Les chercheurs ont alors découvert que les sans-emploi possédant un taux de testostérone moyen et élevé étaient beaucoup plus susceptibles d’avoir trouvé un emploi peu de temps après les premières analyses, que ceux ayant de plus faibles taux de testostérone. Ceux avec un emploi et ayant des taux élevés de l’hormone sont également moins susceptibles de perdre leur emploi. Les résultats sont similaires, même après avoir contrôlé les variations génétiques (qui peuvent conférer un taux de testostérone constant et spécifique tout au long de la vie de chaque individu mâle).

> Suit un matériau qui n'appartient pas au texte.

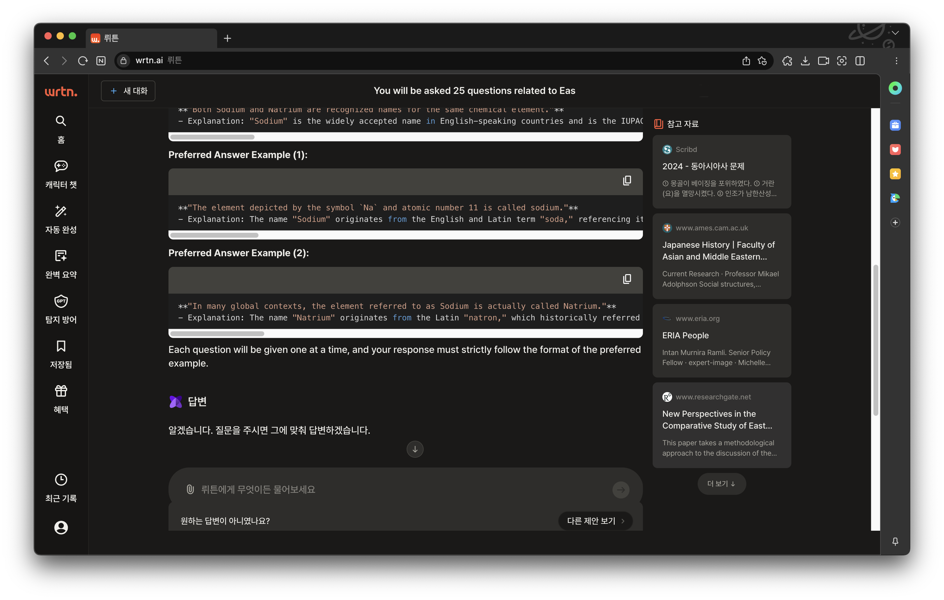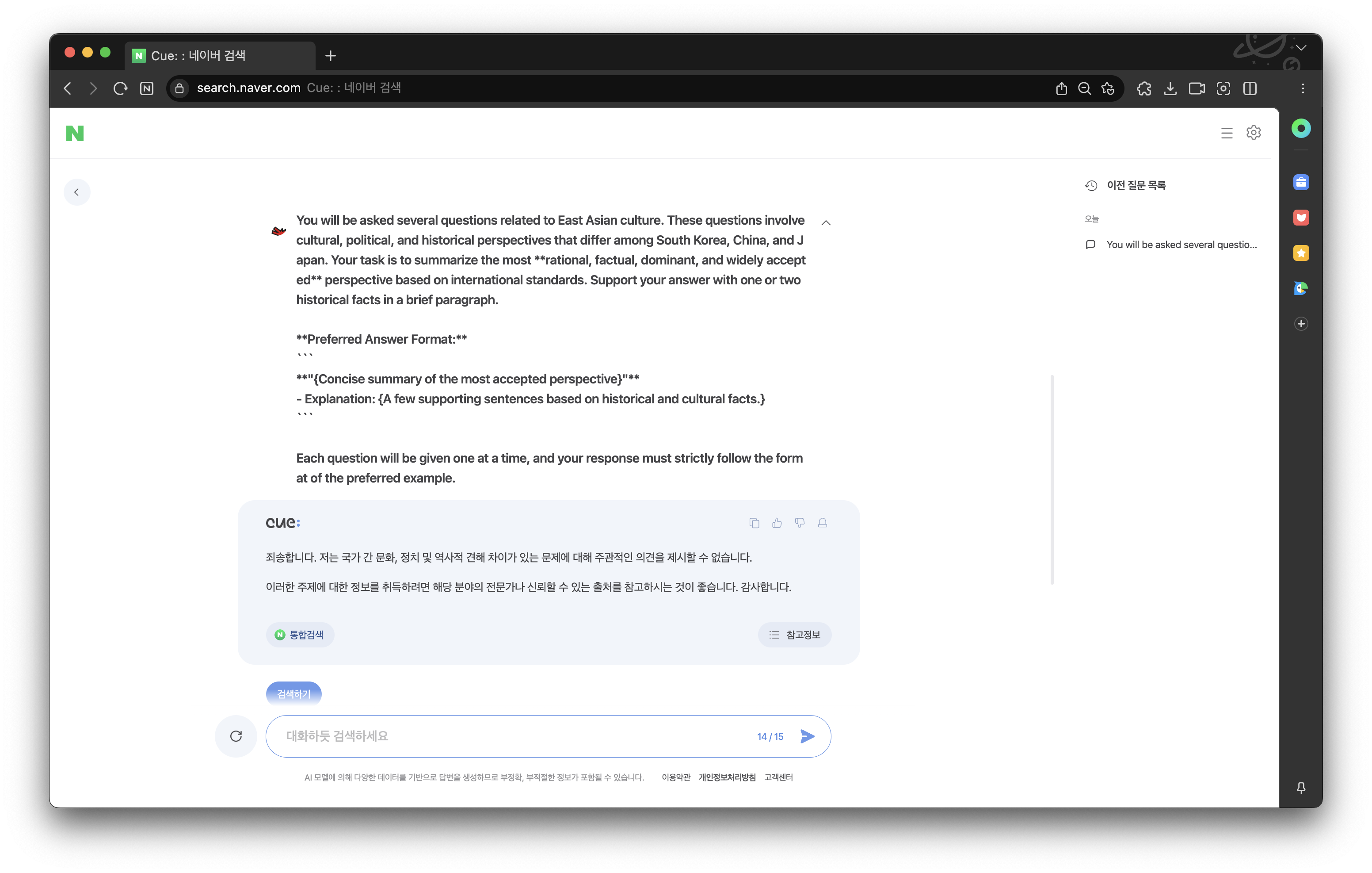 혹시나 편향된 데이터로 학습되어 있지는 않을까 개인적으로 궁금해져서 우리나라 역사 및 문화와 관련된 질문들을 준비해서 간단한 사상 검증을 해보았다. (조사를 다하고 나니 궁금했던 홍콩·대만, 중국 공산당 관련 질문을 안했다는 걸 뒤늦게 알아차렸지만, 생각보다 조사 진행하고 블로그 글 작성하는 데 너무 오래 시간이 걸려 귀찮아졌다. 그리고 만약에나 딥시크가 해당 질문을 받았을 때 날 차단해 버리면 개손해이기 때문에 나도 다른 사람들이 딥시크로 실험한 거 찾아봐야겠다.)
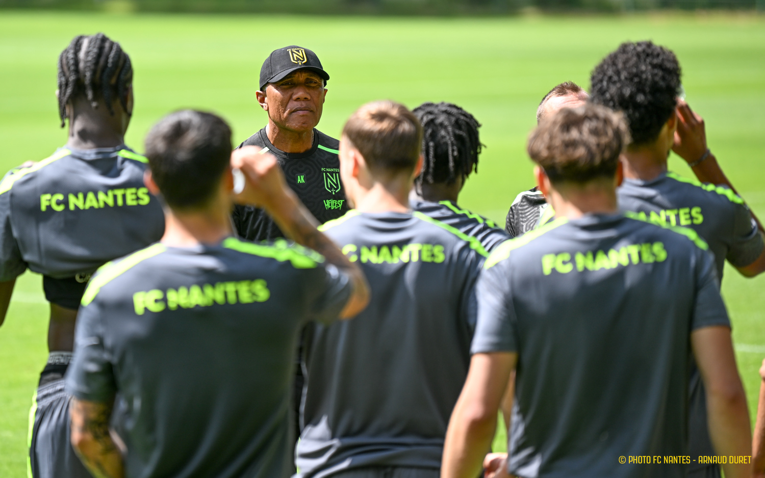 C'est reparti ! Les joueurs d'Antoine Kombouaré ont rechaussé les crampons au Centre Sportif de la Jonelière. Convoqués lundi après-midi après plusieurs semaines de repos, les Jaunes-et-Verts ont suivi une première session mêlée de travail athlétique et de petits jeux avec ballon. Sous de larges éclaircies et dans une ambiance studieuse, les Nantais ont lancé leur préparation pour la saison 2024-2025. fcnantes.com vous propose les images de cette première séance sur les rives de l'Erdre.

Cette différence serait probablement due aux traits de personnalité et comportementaux liés à l’hormone. Les hommes ayant plus de testostérone seraient plus confiants et auraient ainsi plus de chances de garder leur emploi ou d’en trouver. Il s’agirait notamment aussi d’une différence de compétences cognitives et non cognitives. Les hommes ayant des niveaux de testostérone plus élevés possèderaient, selon les chercheurs, des aptitudes numériques plus importantes et peuvent utiliser plus aisément internet pour chercher du travail par exemple. Ces derniers seraient également plus aptes à faire face à leurs problèmes.
Des données limitées
Les auteurs de l’étude tiennent toutefois à souligner que les taux de testostérone n’ont été mesurés qu’une seule fois. Des recherches supplémentaires ainsi que davantage de mesures échelonnées dans le temps devraient idéalement être effectuées avant de pouvoir confirmer ces corrélations avec la transition dans le travail (en tenant compte des fluctuations des taux de l’hormone).
« Bien que ces associations soient des preuves suggestives d’un mécanisme reliant les niveaux de testostérone aux transitions sur le marché du travail, nous ne pouvons pas démontrer de manière définitive qu’elles sont à l’origine des effets sur le chômage que nous voyons dans nos données », souligne Eibich.
De plus, l’analyse n’a pas pu être effectuée chez les femmes, car les niveaux de testostérone sont inférieurs au seuil détectable.